◆ Work to complete ◆
Return the material below exactly, but only from the line with "Pantalone palazzo marrone" through the line with "ステッカーは10枚入ってるよ! 6種類の中のどのデザインが当たるかはお楽しみ♪ ~ラインナップ(全6種)~", and without its pictures.

◆ Task data ◆

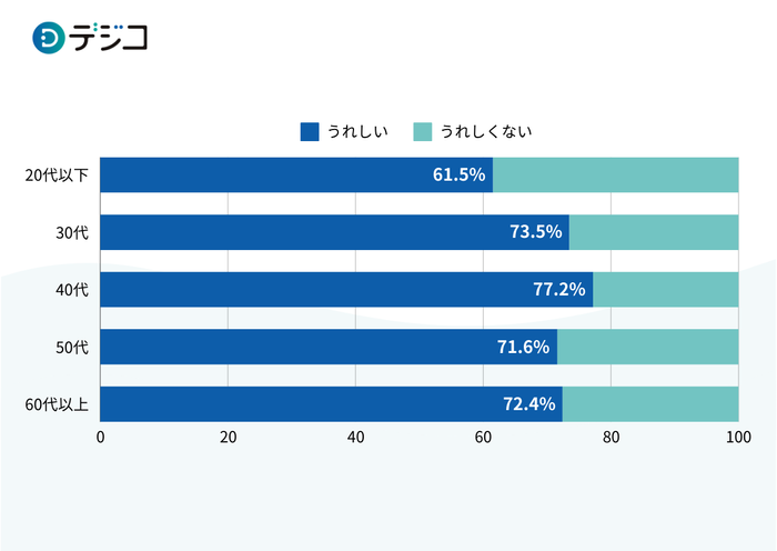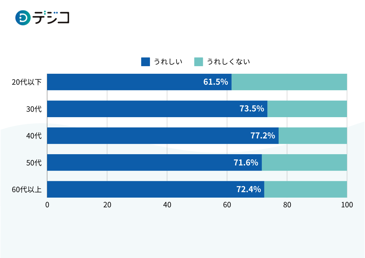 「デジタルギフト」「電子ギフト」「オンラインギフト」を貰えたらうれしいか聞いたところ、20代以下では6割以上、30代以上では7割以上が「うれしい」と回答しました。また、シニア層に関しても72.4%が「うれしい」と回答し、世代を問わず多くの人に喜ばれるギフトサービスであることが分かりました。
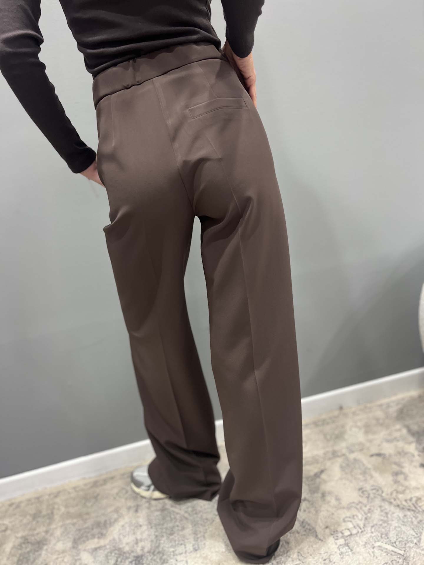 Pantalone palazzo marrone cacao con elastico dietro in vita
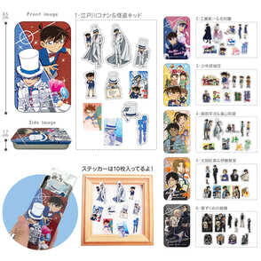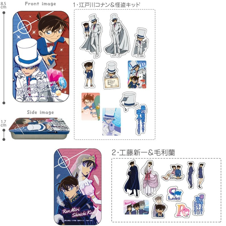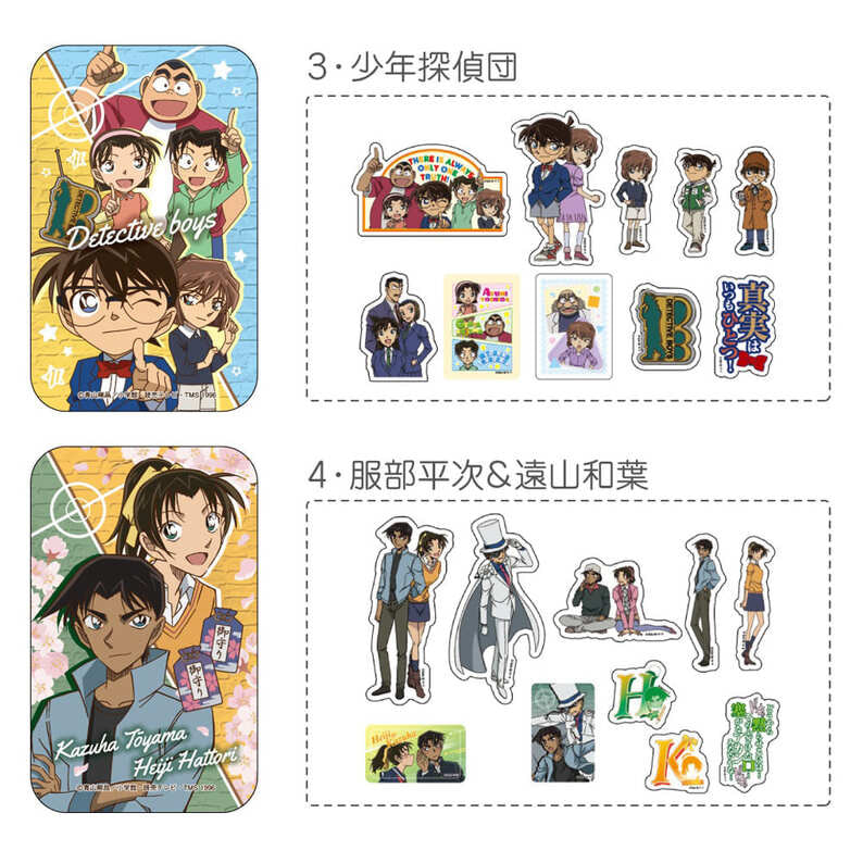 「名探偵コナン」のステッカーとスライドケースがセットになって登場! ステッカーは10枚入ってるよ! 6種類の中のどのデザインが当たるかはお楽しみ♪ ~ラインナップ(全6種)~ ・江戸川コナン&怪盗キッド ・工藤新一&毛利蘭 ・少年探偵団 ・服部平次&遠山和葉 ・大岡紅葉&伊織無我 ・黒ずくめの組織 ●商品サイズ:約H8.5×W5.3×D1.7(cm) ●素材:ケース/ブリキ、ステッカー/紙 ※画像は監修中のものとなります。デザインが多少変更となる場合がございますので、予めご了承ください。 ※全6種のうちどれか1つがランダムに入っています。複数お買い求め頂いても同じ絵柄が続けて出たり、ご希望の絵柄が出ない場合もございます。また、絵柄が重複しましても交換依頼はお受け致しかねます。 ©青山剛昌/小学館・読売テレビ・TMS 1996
* * *
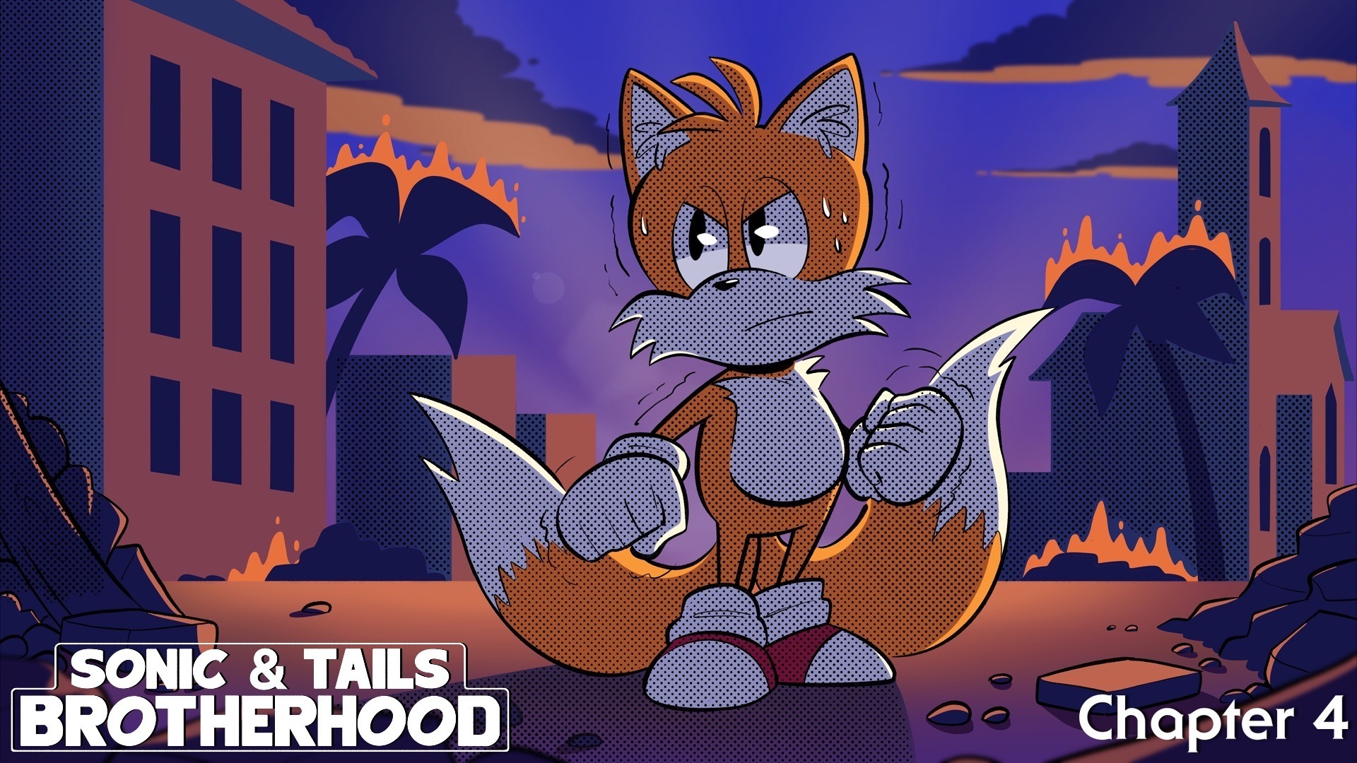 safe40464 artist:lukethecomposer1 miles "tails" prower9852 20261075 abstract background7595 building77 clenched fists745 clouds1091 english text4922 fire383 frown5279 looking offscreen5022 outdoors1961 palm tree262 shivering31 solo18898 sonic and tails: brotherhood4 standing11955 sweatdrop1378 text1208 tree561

◆ Solution to this problem ◆
 Pantalone palazzo marrone cacao con elastico dietro in vita
 「名探偵コナン」のステッカーとスライドケースがセットになって登場! ステッカーは10枚入ってるよ! 6種類の中のどのデザインが当たるかはお楽しみ♪ ~ラインナップ(全6種)~ ・江戸川コナン&怪盗キッド ・工藤新一&毛利蘭 ・少年探偵団 ・服部平次&遠山和葉 ・大岡紅葉&伊織無我 ・黒ずくめの組織 ●商品サイズ:約H8.5×W5.3×D1.7(cm) ●素材:ケース/ブリキ、ステッカー/紙 ※画像は監修中のものとなります。デザインが多少変更となる場合がございますので、予めご了承ください。 ※全6種のうちどれか1つがランダムに入っています。複数お買い求め頂いても同じ絵柄が続けて出たり、ご希望の絵柄が出ない場合もございます。また、絵柄が重複しましても交換依頼はお受け致しかねます。 ©青山剛昌/小学館・読売テレビ・TMS 1996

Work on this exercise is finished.